Of all Colombia’s 50 million inhabitants, it had to be a libertine punk who is threatening to “morally do away with” former President Alvaro Uribe, a.k.a. “The Messiah,” and able to do so.
So many people who said that Uribe’s self-proclaimed moral rectitude is the work of a criminal mastermind have died, there’s even a term for it: “Suicide by Uribe.”
The rules
More important than the rule of law is that Colombia has rules; you do not mention Uribe and his father were intimate with Pablo Escobar and the Medellin Cartel, that his late older brother had two children with an extradited drug trafficker, that his family estate allegedly has its own mass grave and that his sons allegedly were in business with one of Colombia’s most notorious child rapists.
If you do, you deal with the consequences on your own because nobody will help you. Uribe has a Medal of Honor” and goes to church every Sunday, for crying out loud.
Instead, you repeat that “had it not been for Uribe we couldn’t go to our holiday homes because of the guerrillas,” “Uribe saved Colombia, “Uribe is the greatest Colombian ever” or you call him “the eternal president.”
If you do that you may be a mafia wife, but at least you will live long and happily ever after. Simple as that.
The law
The problem with the rules are the law. The evidence against the Uribe crime family has been piling up since 1984 that they are like 20 elephants in the room and have the political patron of President Ivan Duque begging the Supreme Court not to throw him in jail already.
Uribe has had the worst luck with the law as he keeps suing journalists who break the rules over “slander” or “infamy,” filling the courthouse with evidence of his family’s criminal empire.
The former president introduced the “rule of opinion” that would allow public opinion Uribe has been manipulating for decades to overrule the rule of law, but this turned out to be unconstitutional.
The irony
“The Messiah” is approximately 24 hours away from having his moral authority taken through a meat grinder, ironically by a journalist who spends more time having sex with his girlfriends than Uribe and his “good Colombians” spend in church.
The problem with Mendoza is that he wasn’t just trained by Gonzalo Guillen, arguably the country’s most respected journalist, he has a law degree.
This has become increasingly terrifying for Uribe as Guillen and Mendoza have not just won every single court case against the former president, their journalism is morally destroying Uribe’s attorneys and getting them eerily close to prison.
The two have had enough of Uribe, his self-proclaimed moral rectitude and the death threats. Having done away with the former President’s lawyers, Mendoza will on Wednesday begin to destroy Uribe in his non-fiction online TV series “Matarife.”
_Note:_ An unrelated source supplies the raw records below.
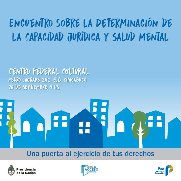 El próximo 20 de septiembre a partir de las 9 horas en el Centro Cultural Federal, ubicado en Pedro Lagrave 281, se llevará a cabo el “Encuentro sobre la Determinación de la Capacidad Jurídica y Salud Mental”, actividad organizada por el Centro de Acceso a la Justicia de Pilar, dependiente del Ministerio de Justicia de la Nación y la Dirección de Discapacidad local.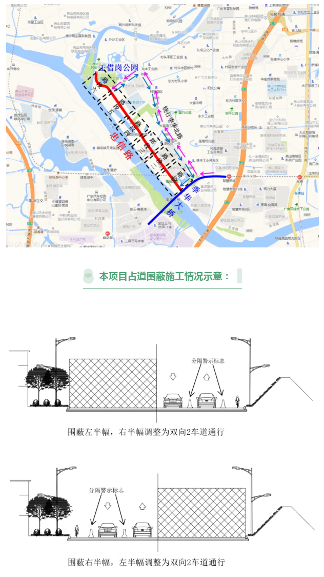 占道路段:分段占道忠信路(季华大桥至王借岗公园)。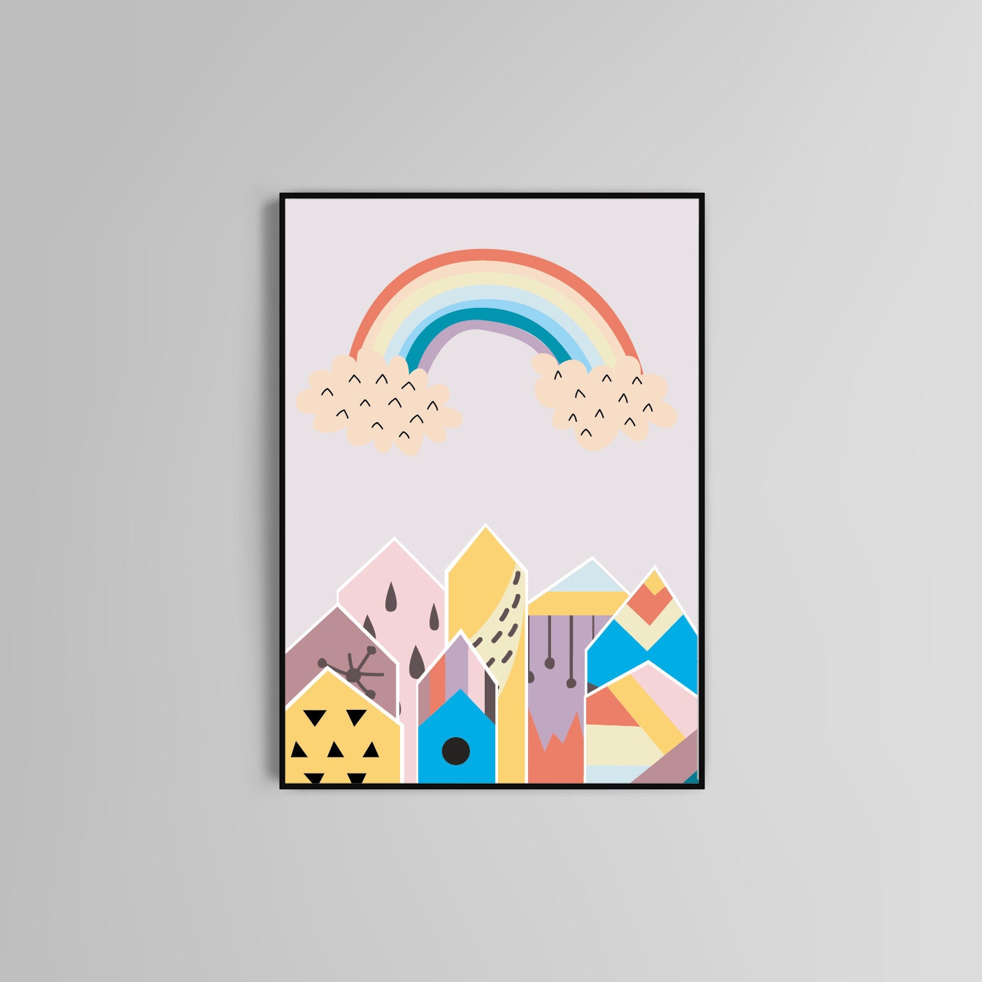 This Nordic-style Colourful Rainbow and the City make your little space cosy and modern. This beautiful Poster is printed using Eco-friendly water-based inks, which are safe for you and the environment.

More than 100,000 Colombians have subscribed to his YouTube Channel, eager to see how the libertine punk will rip Uribe to shreds.
Countless others have subscribed to special Whatsapp and Telegram groups and are ready to upload the video, if Uribe is able to take it down.
The former president is cornered. If he takes down the video, it will be uploaded again hundredfold. Even if his attorneys weren’t already with one foot in the door, they wouldn’t dare make a move.
The last time “The Messiah” sued the punk, Mendoza appeared in court with such an abundance of evidence Uribe was forced to withdraw the lawsuit or risk life in prison.